Employment Insurance. If you have left Canada and stopped working, your entitlement to EI benefits will automatically end. However, you can keep your Job Bank account active and update your status to “looking for work” if you plan to return in the coming months and resume your insurance contributions.
My Service Canada Account. This single window for accessing OAS, CPP, EI, and other programs recommends keeping your account open even if you are outside Canada. First and foremost, because all applications, correspondence, and payment history are stored in your online account, this makes it much easier to resume payments upon your return and provides quick access to official documents.
Canada Child Benefit and GST/HST credit. Even if you are temporarily abroad, you can keep your CRA account open and provide a temporary address abroad. Upon your return, update your address in My Account CRA, and your payments will resume without having to reapply.
Municipal and provincial online services for civil status. Accounts related to civil status records (birth, marriage) or driver's licenses are best left open with your foreign address updated. This is especially important for those who are keeping property or a business in Canada while postponing their departure indefinitely.
Local cable and internet providers where you no longer intend to use their services. Simply call customer service and inform them that you are terminating your contract.
Loyalty programs of social service providers (e.g., library cards). If they are not accompanied by administrative penalties, you can simply stop using the service and allow the card to become inactive.
Each program has its own procedure.

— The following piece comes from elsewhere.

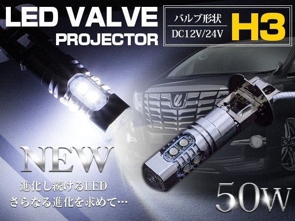 > 『1球』CREE製 LED H3 50W 12V/24V ホワイト フォグランプ LEDバルブ LED球 電球 スーパーグレート クオン ギガ GIGA プロフィア

In most cases, you need to submit an online form or send a written request by registered mail with a description of the circumstances and your departure date. For provincial health services, it is usually sufficient to complete an online application for a “change of residency status” and attach a copy of your passport with exit stamps. At the CRA, submitting form NR73 or indicating your resident status on your T1 return is the main thing to do. For Service Canada, you should log in to your personal account and send a letter requesting suspension of OAS or CPP in the “correspondence” section.
It is equally important to keep all copies of the documents you send, proof of mailing, and responses from the authorities. In case of disputes or errors, this will serve as proof that you have fulfilled all your obligations.
Closing all accounts is not a universally correct decision when leaving Canada. For each program, you need to assess your plans for return, the length of your departure, and the nature of the payments. It is advisable to close or suspend provincial health insurance and municipal benefits immediately to avoid accumulating penalties and unauthorized payments. At the same time, it is better to leave your accounts with the Canada Revenue Agency, My Service Canada Account, CPP, OAS, and Canada Child Benefit open and simply update your residency status or address.
General steps: determine the type of program, find out the residency requirements, submit an online application or written request, and keep the confirmation. This approach will help you avoid bureaucratic pitfalls, maintain access to the benefits you are entitled to, and greatly simplify your return to Canada in the future.